In matchups against Mitt Romney, the president is leading by only 47 to 45 percent in the Realclearpolitics.com average of recent polls. A CBS/New York Times panel-back poll, in which interviewers call back respondents to a previous survey, showed Romney leading 46 to 43 percent — and leading among women.
. . . Still, there are reasons for GOP strategists to look long and hard at the state this time, thinking 2012 could be different.
. . . The 1988 scenario: Affluent voters break strongly Republican. Vice President George Bush was 17 points behind Michael Dukakis after the Democratic National Convention. But he came back to win by a 53 to 46 percent margin . . .
Another day, another congressional shutout of O’s latest unserious gimmick. That makes three in the past year. The Senate torpedoed his last budget 97-0 in May 2011, then the House dropped a goose egg on him in March with a robust 414-0 tally. Now this. [ . . . ]
Said Mitch McConnell of Reid’s refusal to offer his own budget, “They’re so unserious they won’t even vote for a budget that was written by a president of their own party. It doesn’t get more irresponsible than that.”
“There’s no doubt that there’s been a big diminution of support for the president,’’ said William M. Daley, Obama’s former chief of staff and a former top JPMorgan Chase executive. “People in the financial services sector are saying, ‘The president has been too tough on us, both in policy and on rhetoric.’ ’’
The top five donor groups in Romney’s campaign are individuals and political action committees associated with large financial institutions, led by Wall Street giants Goldman Sachs and JPMorgan Chase, according to information compiled by the Center for Responsive Politics, a nonpartisan research group that tracks campaign donations.
By contrast, Obama’s top five contributor groups include individuals and PACs affiliated with high technology giants Google Inc. and Microsoft Corp., and the global law firms DLA Piper and Sidley Austin, and do not include those associated with banks. In 2008, financial institutions backed him generously.
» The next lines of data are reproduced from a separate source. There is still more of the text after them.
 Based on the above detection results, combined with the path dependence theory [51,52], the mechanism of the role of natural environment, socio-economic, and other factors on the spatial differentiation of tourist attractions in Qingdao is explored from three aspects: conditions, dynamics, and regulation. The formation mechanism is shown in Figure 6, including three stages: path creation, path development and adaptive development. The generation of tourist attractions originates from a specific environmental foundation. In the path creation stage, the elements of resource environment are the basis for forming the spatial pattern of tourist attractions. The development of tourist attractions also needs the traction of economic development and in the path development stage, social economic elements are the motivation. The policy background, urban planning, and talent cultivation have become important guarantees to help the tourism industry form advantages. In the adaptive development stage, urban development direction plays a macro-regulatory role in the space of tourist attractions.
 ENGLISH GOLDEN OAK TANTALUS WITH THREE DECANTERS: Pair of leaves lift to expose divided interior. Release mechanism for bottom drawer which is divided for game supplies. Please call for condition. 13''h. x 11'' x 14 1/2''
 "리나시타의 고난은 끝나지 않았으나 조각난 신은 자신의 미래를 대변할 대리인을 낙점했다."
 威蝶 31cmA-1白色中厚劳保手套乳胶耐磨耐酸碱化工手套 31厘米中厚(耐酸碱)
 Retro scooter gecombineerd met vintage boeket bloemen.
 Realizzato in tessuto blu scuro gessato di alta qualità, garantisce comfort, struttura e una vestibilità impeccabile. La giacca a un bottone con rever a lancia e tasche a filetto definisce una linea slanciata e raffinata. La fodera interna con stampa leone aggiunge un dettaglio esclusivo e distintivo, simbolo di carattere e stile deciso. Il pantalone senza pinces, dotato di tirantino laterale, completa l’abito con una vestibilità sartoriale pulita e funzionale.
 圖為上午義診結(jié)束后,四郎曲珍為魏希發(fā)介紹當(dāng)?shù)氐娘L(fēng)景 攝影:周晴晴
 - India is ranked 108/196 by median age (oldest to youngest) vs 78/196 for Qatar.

A month ago, the combined haul from the Barack Obama campaign and the DNC came to $53 million, a level that didn’t keep pace with 2008 Democratic fundraising, but still gave Team O some bragging rights for the improvement over a $45 million February. According to their announcement this morning, the Obama/DNC effort couldn’t even match February’s numbers, let alone March’s
Mitt Romney has moved out to an eight-point lead over President Obama in North Carolina after the two men were virtually tied a month ago.
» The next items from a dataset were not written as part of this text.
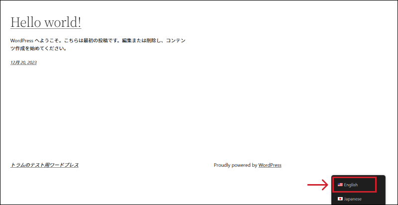 ご覧のとおり、標準的なWordPressページです。ここから英語化を開始しましょう。
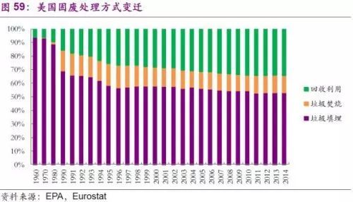 美國在經(jīng)歷了1980—2000年期間大規(guī)模的“去填埋化”后,近年來固廢處理方式較為穩(wěn)定,填埋仍是其主流處理方式,2014年占比近53%,垃圾焚燒和回收利用占比分別為13%和34%。由于垃圾焚燒有著處理成本較高,領(lǐng)避效應(yīng)等不利因素,該處理方式恐較難在美國進(jìn)一步發(fā)展?;厥绽媚壳半m因分揀環(huán)節(jié)成本較高,導(dǎo)致近年來在美國的發(fā)展速度有所放緩,但是我們認(rèn)為,隨著垃圾分類觀念的進(jìn)一步普及,和龍頭企業(yè)市場化力度的進(jìn)一步加大,美國回收利用處理占比有望進(jìn)一步提升。
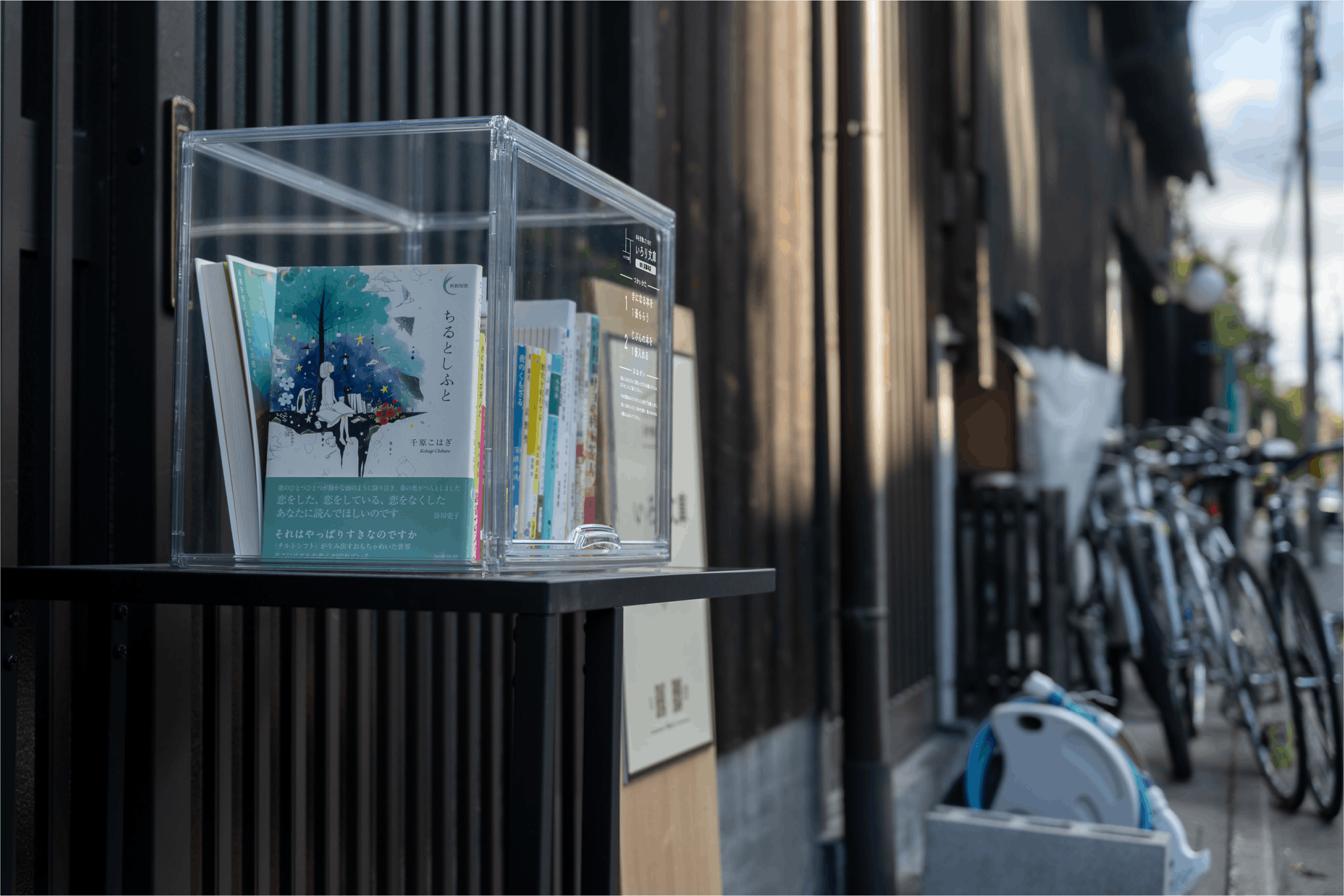 通りに面して小さな本棚を設置し、24時間いつでも誰でも気軽に本を手に取ることができます。
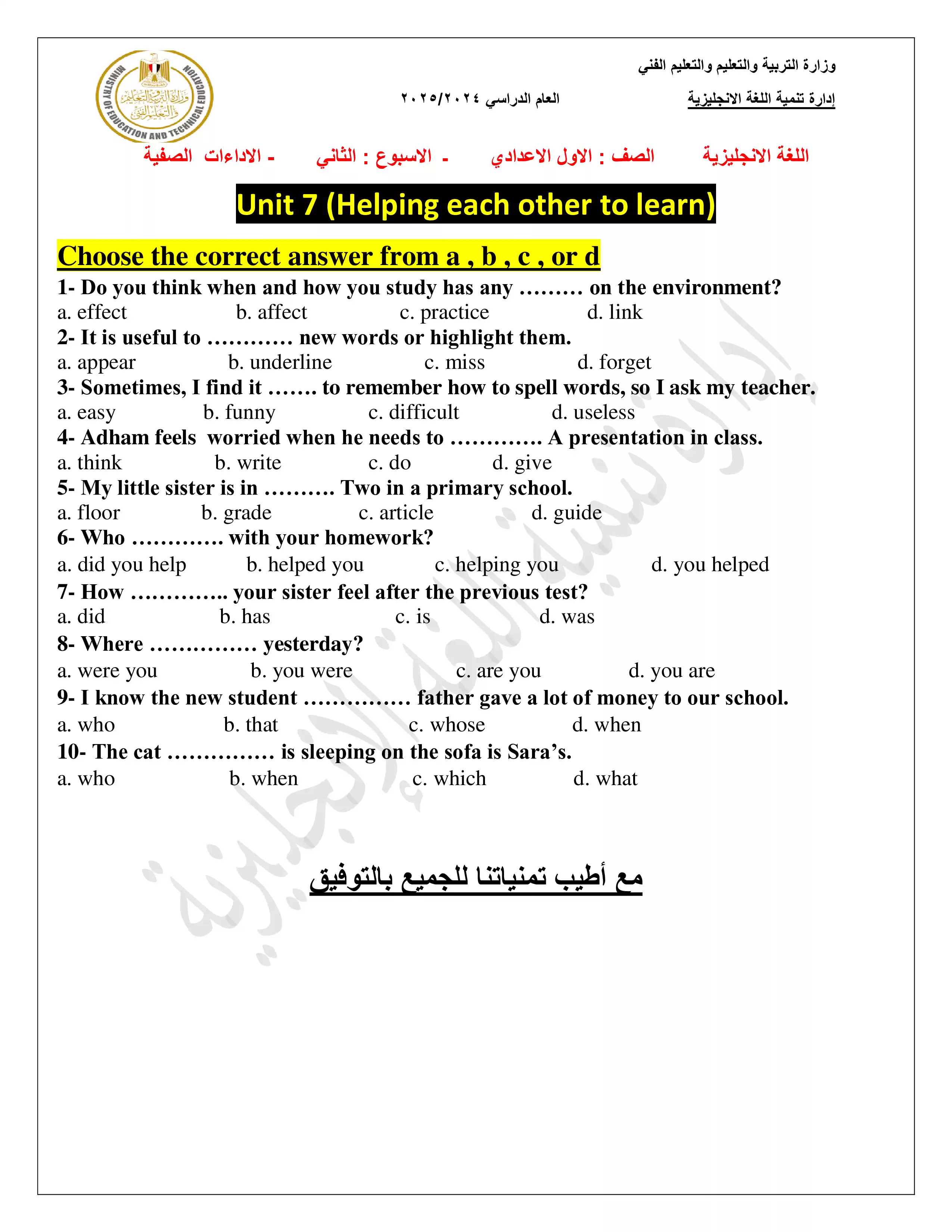الآداء الصفي للصف الاول الإعدادي في الترم الثاني 2025

The latest Rasmussen Reports telephone survey of Likely Voters in the Tar Heel State shows the putative Republican nominee earning 51% of the vote to Obama’s 43%. Two percent (2%) like some other candidate, and four percent (4%) are undecided. (To see survey question wording, click here.)
That’s a big change from last month when Romney posted a narrow 46% to 44% lead over the president in Rasmussen Reports’ first survey of the race in North Carolina. Democrats have signaled North Carolina’s importance as a key swing state by deciding to hold their national convention in Charlotte this summer.
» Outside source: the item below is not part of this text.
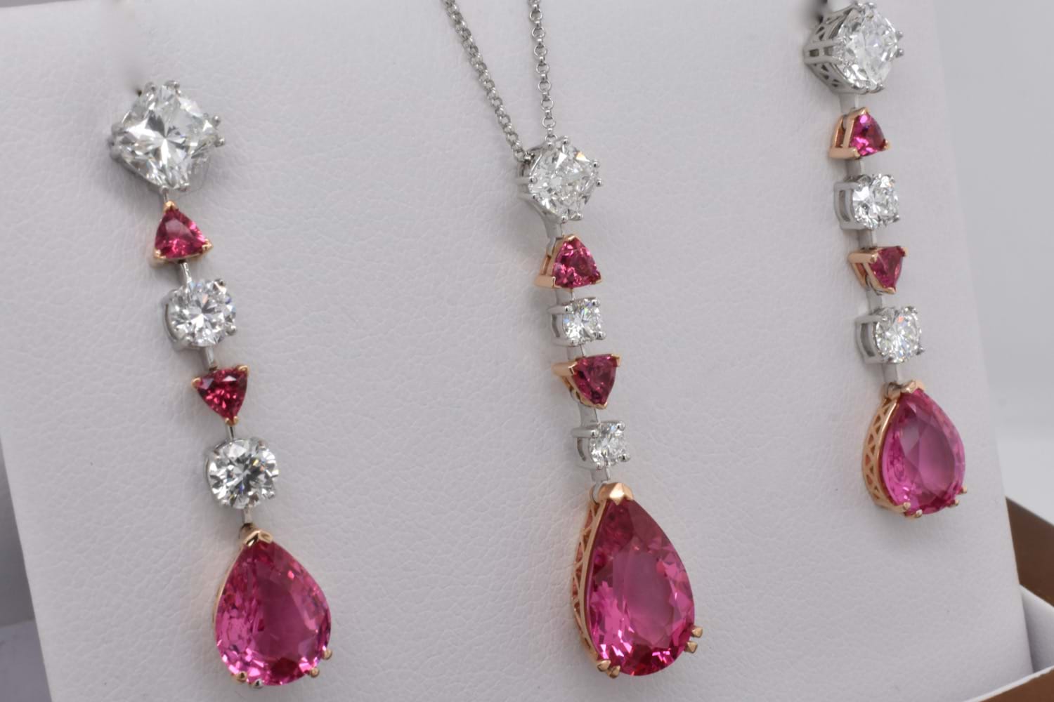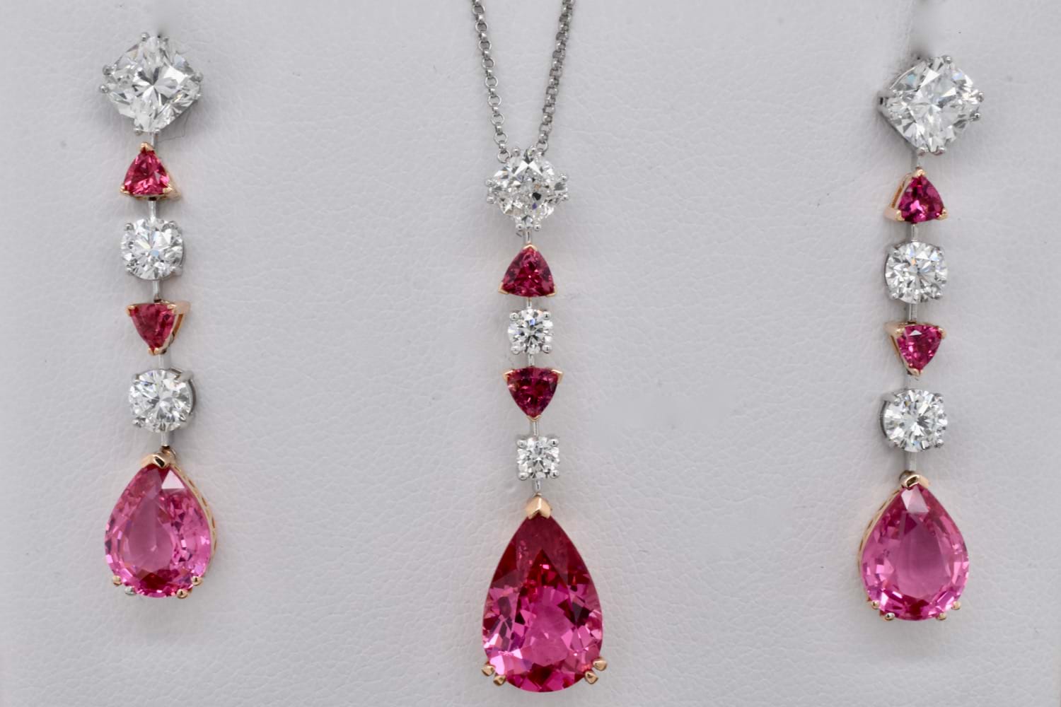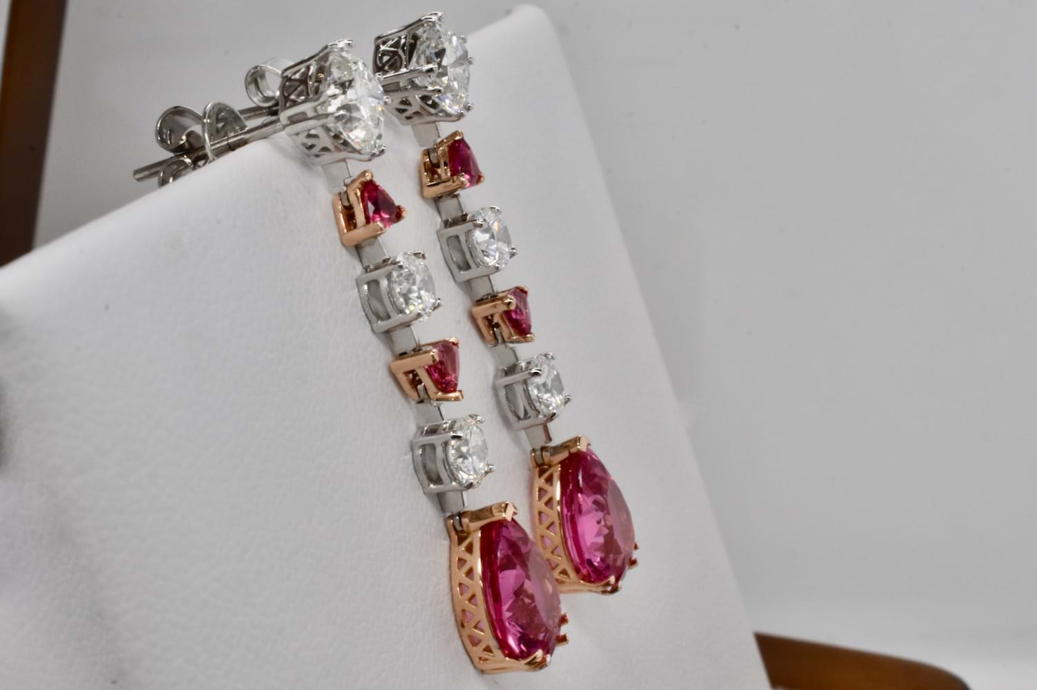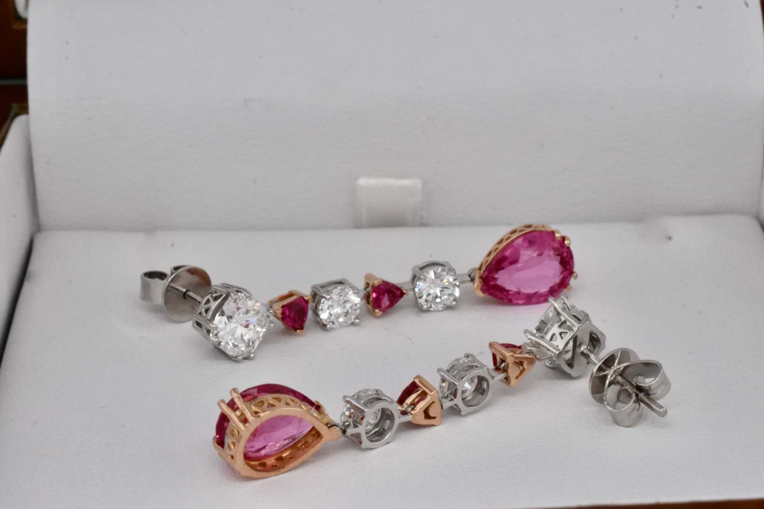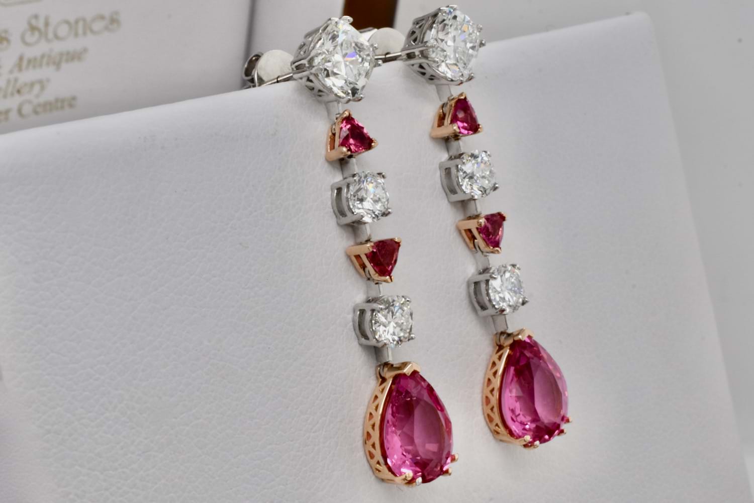 This spectacular pair of drop earrings were designed to match a previously created bespoke pendant (pictured 20281045), with all stones sourced especially to match and compliment the set. The earrings have been crafted in 18ct white and rose gold and feature a cushion cut diamond stud top with alternating trillian pink spinels and round brilliant cut diamonds with a stunning pearshape spinel feature at the base. They contain a total of 2.91cts of D-F/SI1 diamonds and 4.80cts of pink spinels. Independent Valuation Supplied.

Add to this Scott Walker starting a mini-surge in Wisconsin, and Romney polling well there too, and things are looking pretty good. Of course, the left can surely find a series of articles like this to spread sunshine among their own ranks, but there is no doubt that they have gone from glee and overconfidence a few weeks ago to having their heads spin now. You mean someone might actually beat THE ONE?
Yes, Virginia, and his name is Mitt Romney. And the Republicans might just take back the Senate, too. It’s been known to happen.